Fraud Friday – Credit Union VP Pleads Guilty to Fraud

May 17, 2019

By Dominic J Bartolone
Contributing Editor, Fraud Friday

Fraud Friday – Credit Union VP Pleads Guilty to Fraud

A former credit union vice president from Vancleave, Mississippi, pled guilty to theft from a credit union in U.S. District Court in Gulfport.

Merideth Christina McMillan, 46, was accused of stealing more than $350,000 from the Moss Point branch of Singing River Federal Credit Union where she worked as a vice president of member services. The scheme was uncovered during a routine financial audit in August 2018 after suspicious transactions were discovered.

According to prosecutors, the fraud began in October 2017, as “Christi,” which is the name McMillan went by, worked in a function at the bank that gave her access to customer information.

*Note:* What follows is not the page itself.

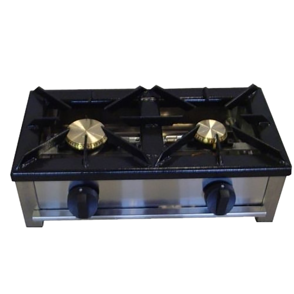 Fogón industrial de LaBari modelo 0108FG02 en horizontal fabricado en acero inoxidable con válvula de seguridad y parrillas de hierro.

The indictment states that McMillan “willfully misapplied, embezzled, abstracted, and purloined the sum of more than $350,000 of money, funds, and credits.”

Federal prosecutors say that McMillan carried out the fraud by going into the bank’s computer system and releasing collateral that was held as a security interest against loans made by the bank. Once the collateral was released, she used it to borrower money for herself under other customers’ names.

Investigators found that in 2017, McMillan accessed a customer’s information, without her consent, to take out several unsecured loans. The loans ranged from between $5,000 and $60,000. McMillan also used a friend’s name and the customer’s money market account information to take out a loan for $47,500.

During trial, the credit union noted that the money was insured, allowing it to recover all of the stolen funds, and made it clear that no credit union members lost money from McMillan’s fraud. According to records, the credit union has more than 27,000 members, with over $207 million in assets on deposit.

In court, McMillan admitted that she used her position at the bank to embezzle more than $350,000. Prosecutors say that over a period of one year, she used multiple names of bank customers to take out fraudulent loans.

She was terminated from her position at the bank in September 2018, after an internal bank audit uncovered evidence of her illegal activity.
McMillan will be sentenced on June 24 by U.S. District Court Judge Sul Ozerden and faces a maximum of 30 years in prison and $1,000,000 fine.